### WHAT IS BEING ASKED:
The material beneath this line should be printed exactly, with its pictures omitted.

### TASK INPUTS:

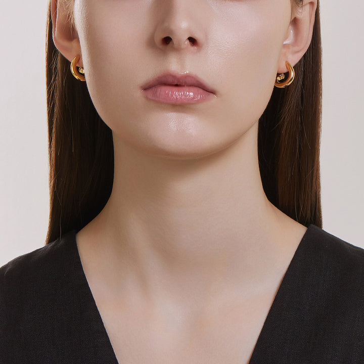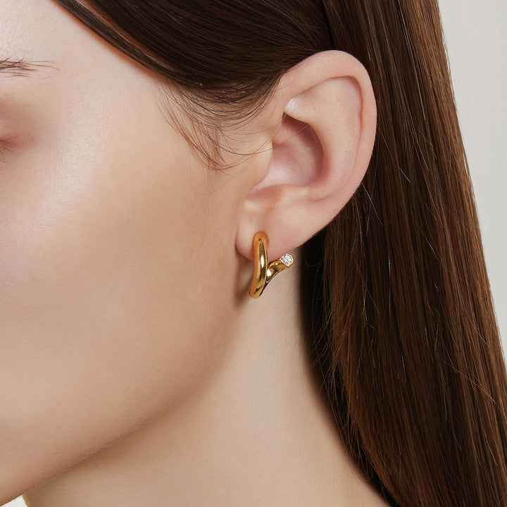 These Sélection. D Open Hoop Brass Earring by Didier Dubot are sculptural yellow gold-plated hoops. They feature the perfect D-curve, accenting a shimmering cubic zirconia stone. These hoops can be styled on their own or as part of a stack to create a timelessly cool look.
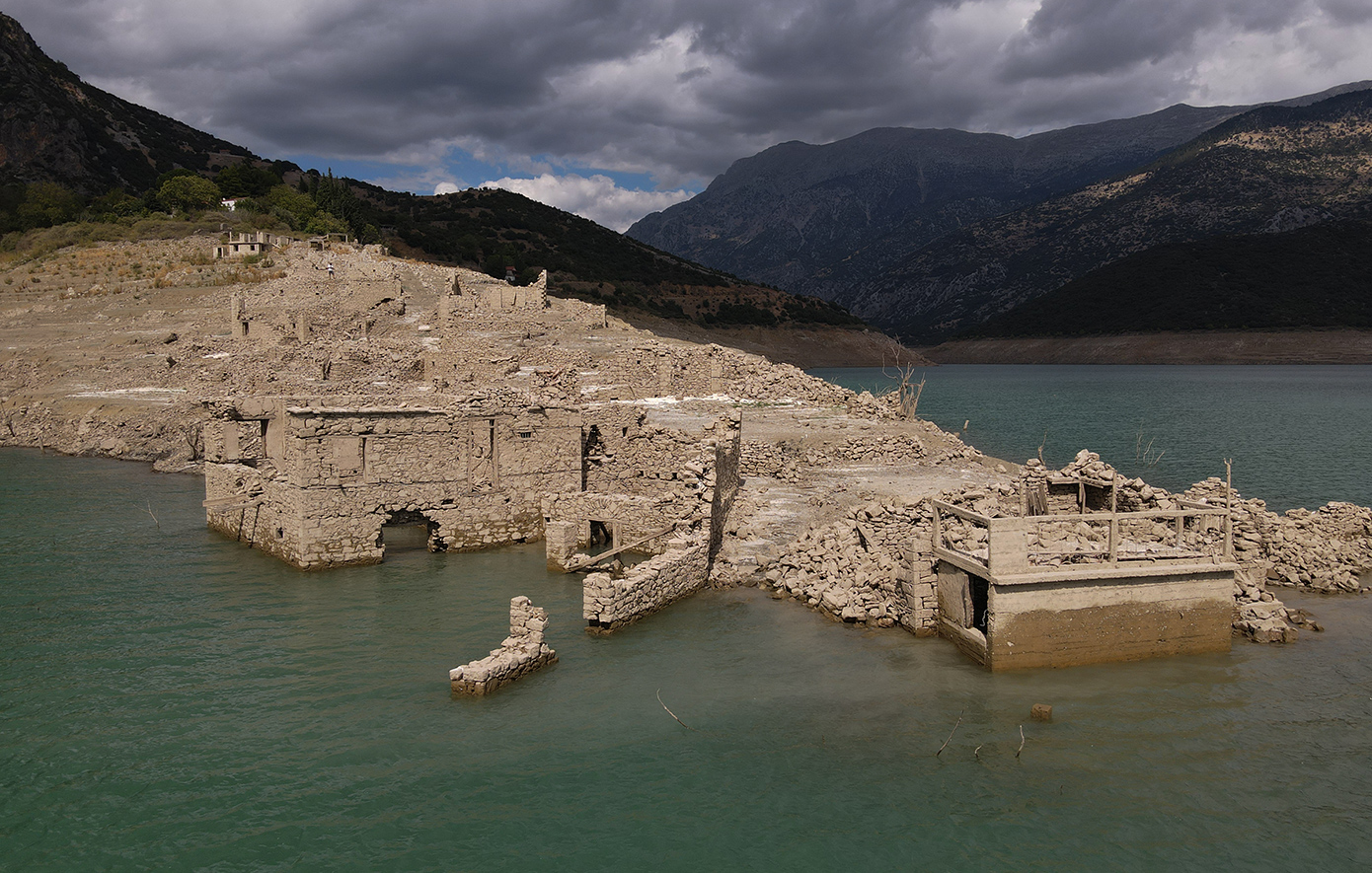 Αναδύθηκε το βυθισμένο χωριό Κάλλιο στη Δωρίδα από τα νερά της τεχνητής λίμνης του Μόρνου, καθώς η στάθμη συνεχίζει να υποχωρεί επικίνδυνα λόγω της παρατεταμένης λειψυδρίας.
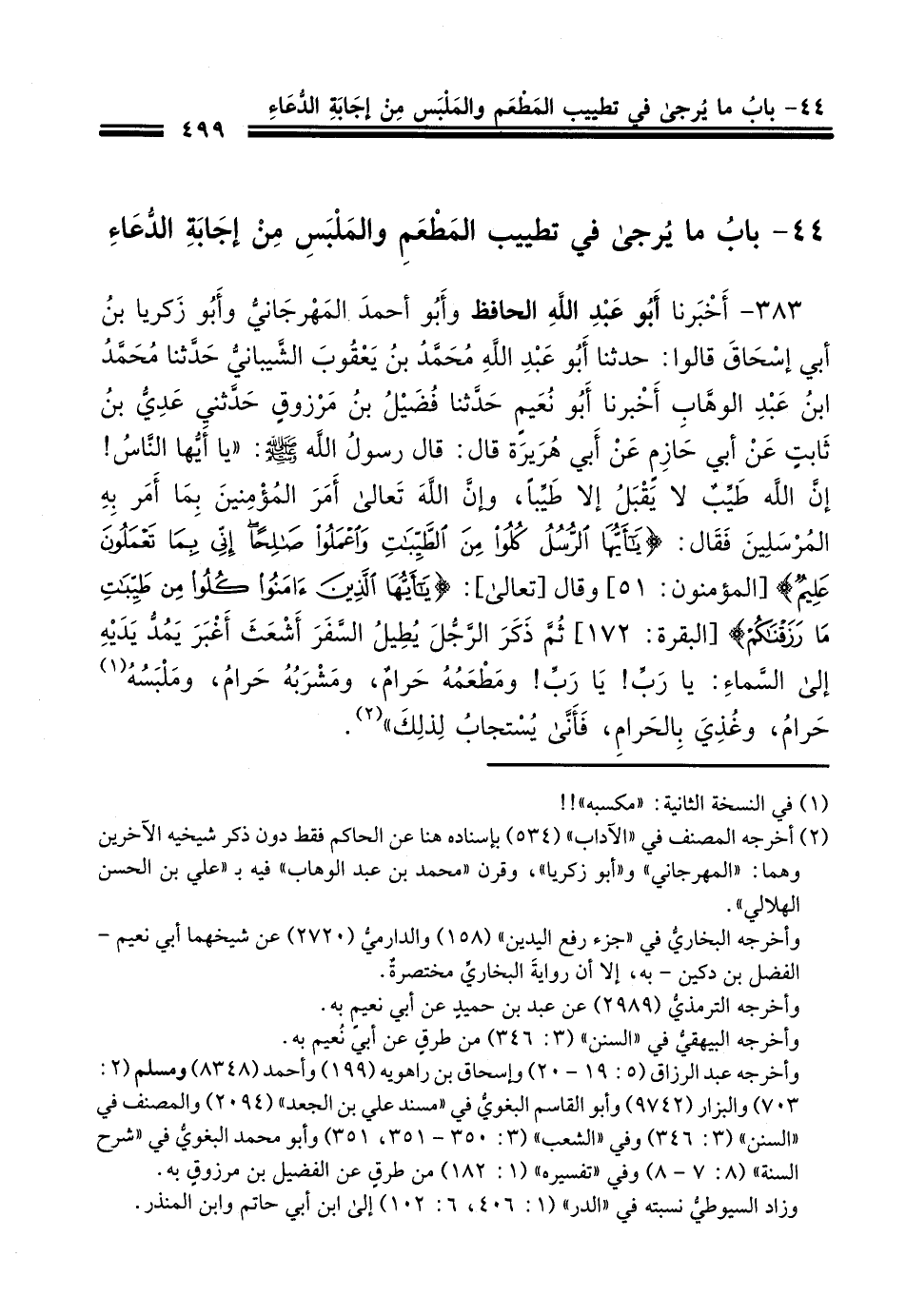 383 - أَخْبَرَنَا أَبُو عَبْدِ اللَّهِ، وَأَبُو أَحْمَدَ الْمِهْرَجَانِيُّ، وَأَبُو زَكَرِيَّا بْنُ أَبِي إِسْحَاقَ قَالُوا: أَخْبَرَنَا أَبُو عَبْدِ اللَّهِ مُحَمَّدُ بْنُ يَعْقُوبَ الشَّيْبَانِيُّ، حَدَّثَنَا مُحَمَّدُ بْنُ عَبْدِ الْوَهَّابِ، أَخْبَرَنَا أَبُو نُعَيْمٍ، حَدَّثَنَا فُضَيْلُ بْنُ مَرْزُوقٍ، حَدَّثَنِي عَدِيُّ بْنُ ثَابِتٍ، عَنْ أَبِي حَازِمٍ، عَنْ أَبِي هُرَيْرَةَ، قَالَ: قَالَ رَسُولُ اللَّهِ صَلَّى اللهُ عَلَيْهِ وَسَلَّمَ: " يَا أَيُّهَا النَّاسُ، §إِنَّ اللَّهَ طَيِّبٌ لَا يَقْبَلُ إِلَّا طَيِّبًا، وَإِنَّ اللَّهَ تَعَالَى أَمَرَ الْمُؤْمِنِينَ بِمَا أَمَرَ بِهِ الْمُرْسَلِينَ فَقَالَ: {يَا أَيُّهَا الرُّسُلُ كُلُوا مِنَ الطَّيِّبَاتِ وَاعْمَلُوا صَالِحًا إِنِّي بِمَا تَعْمَلُونَ عَلِيمٌ} [المؤمنون: 51] وَقَالَ تَعَالَى: {يَا أَيُّهَا الَّذِينَ آمَنُوا كُلُوا مِنْ طَيِّبَاتِ مَا رَزَقْنَاكُمْ} [البقرة: 172] ثُمَّ ذَكَرَ الرَّجُلَ يُطِيلُ السَّفَرَ أَشْعَثَ أَغْبَرَ يَمُدُّ يَدَيْهِ إِلَى السَّمَاءِ: يَا رَبِّ يَا رَبِّ وَمَطْعَمُهُ حَرَامٌ، وَمَشْرَبُهُ حَرَامٌ، وَمَكْسَبُهُ حَرَامٌ، وَغُذِّيَ بِالْحَرَامِ، فَأَنَّى يُسْتَجَابُ لِذَلِكَ "
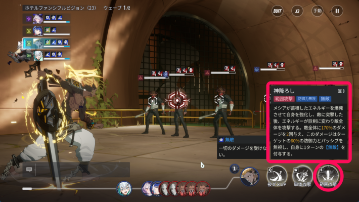 ![]() | スキルCD 3ターン最大効果 メシアが蓄積したエネルギーを爆発させて自身を強化し、敵に突撃した後、エネルギーが巨剣に変わり敵全体を攻撃する。敵全体に180%のダメージを2回与え、このダメージはターゲットの70%の防御力とパッシブを無視し、自身に1ターンの【 |
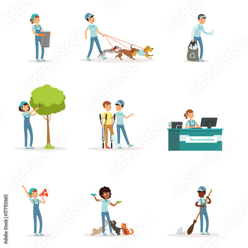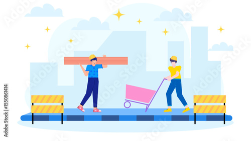 Vektorová sada stavebních dělníků izolovaných na bílém pozadí. Lidé pracující na staveništi, renovace bytu. Ploché designové prvky, ikony.
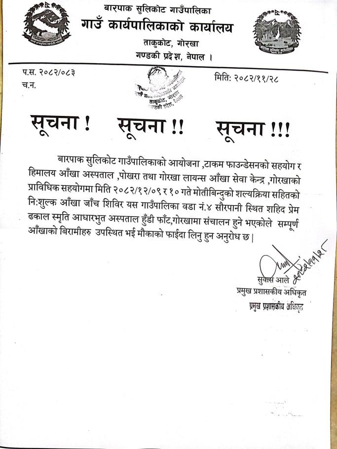 निःशुल्क आँखा जाँच शिविर सञ्चालन सम्बन्धी सूचना ।।
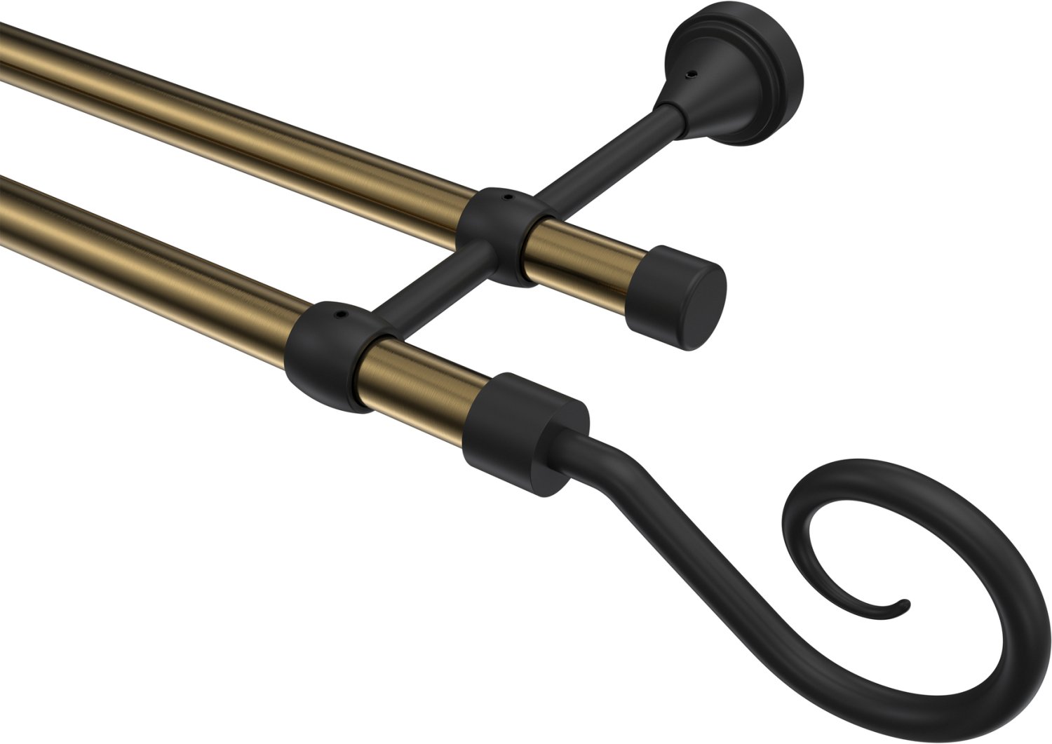 Informationen zu Gardinenstange Metall 16 mm Ø 2-läufig PRIMUS - Allegra Messing Antik / Schwarz (ohne Ringe):
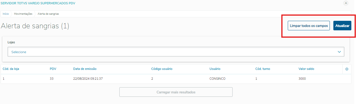 Para fazer a consulta dos alerta de sangrias para as lojas é bem simples.
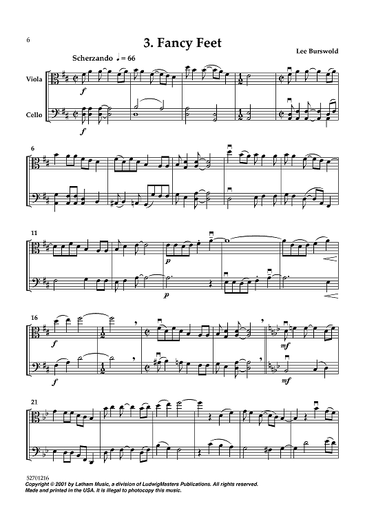 Advanced intermediate level, all bass clef for cello, some treble for viola. Contents: Spiritual, Autumn, Fancy Feet, Lament, Dance.

### EXPECTED OUTPUT:
 These Sélection. D Open Hoop Brass Earring by Didier Dubot are sculptural yellow gold-plated hoops. They feature the perfect D-curve, accenting a shimmering cubic zirconia stone. These hoops can be styled on their own or as part of a stack to create a timelessly cool look.
 Αναδύθηκε το βυθισμένο χωριό Κάλλιο στη Δωρίδα από τα νερά της τεχνητής λίμνης του Μόρνου, καθώς η στάθμη συνεχίζει να υποχωρεί επικίνδυνα λόγω της παρατεταμένης λειψυδρίας.
 383 - أَخْبَرَنَا أَبُو عَبْدِ اللَّهِ، وَأَبُو أَحْمَدَ الْمِهْرَجَانِيُّ، وَأَبُو زَكَرِيَّا بْنُ أَبِي إِسْحَاقَ قَالُوا: أَخْبَرَنَا أَبُو عَبْدِ اللَّهِ مُحَمَّدُ بْنُ يَعْقُوبَ الشَّيْبَانِيُّ، حَدَّثَنَا مُحَمَّدُ بْنُ عَبْدِ الْوَهَّابِ، أَخْبَرَنَا أَبُو نُعَيْمٍ، حَدَّثَنَا فُضَيْلُ بْنُ مَرْزُوقٍ، حَدَّثَنِي عَدِيُّ بْنُ ثَابِتٍ، عَنْ أَبِي حَازِمٍ، عَنْ أَبِي هُرَيْرَةَ، قَالَ: قَالَ رَسُولُ اللَّهِ صَلَّى اللهُ عَلَيْهِ وَسَلَّمَ: " يَا أَيُّهَا النَّاسُ، §إِنَّ اللَّهَ طَيِّبٌ لَا يَقْبَلُ إِلَّا طَيِّبًا، وَإِنَّ اللَّهَ تَعَالَى أَمَرَ الْمُؤْمِنِينَ بِمَا أَمَرَ بِهِ الْمُرْسَلِينَ فَقَالَ: {يَا أَيُّهَا الرُّسُلُ كُلُوا مِنَ الطَّيِّبَاتِ وَاعْمَلُوا صَالِحًا إِنِّي بِمَا تَعْمَلُونَ عَلِيمٌ} [المؤمنون: 51] وَقَالَ تَعَالَى: {يَا أَيُّهَا الَّذِينَ آمَنُوا كُلُوا مِنْ طَيِّبَاتِ مَا رَزَقْنَاكُمْ} [البقرة: 172] ثُمَّ ذَكَرَ الرَّجُلَ يُطِيلُ السَّفَرَ أَشْعَثَ أَغْبَرَ يَمُدُّ يَدَيْهِ إِلَى السَّمَاءِ: يَا رَبِّ يَا رَبِّ وَمَطْعَمُهُ حَرَامٌ، وَمَشْرَبُهُ حَرَامٌ، وَمَكْسَبُهُ حَرَامٌ، وَغُذِّيَ بِالْحَرَامِ، فَأَنَّى يُسْتَجَابُ لِذَلِكَ "
 ![]() | スキルCD 3ターン最大効果 メシアが蓄積したエネルギーを爆発させて自身を強化し、敵に突撃した後、エネルギーが巨剣に変わり敵全体を攻撃する。敵全体に180%のダメージを2回与え、このダメージはターゲットの70%の防御力とパッシブを無視し、自身に1ターンの【 |
 Vektorová sada stavebních dělníků izolovaných na bílém pozadí. Lidé pracující na staveništi, renovace bytu. Ploché designové prvky, ikony.
 निःशुल्क आँखा जाँच शिविर सञ्चालन सम्बन्धी सूचना ।।
 Informationen zu Gardinenstange Metall 16 mm Ø 2-läufig PRIMUS - Allegra Messing Antik / Schwarz (ohne Ringe):
 Para fazer a consulta dos alerta de sangrias para as lojas é bem simples.
 Advanced intermediate level, all bass clef for cello, some treble for viola. Contents: Spiritual, Autumn, Fancy Feet, Lament, Dance.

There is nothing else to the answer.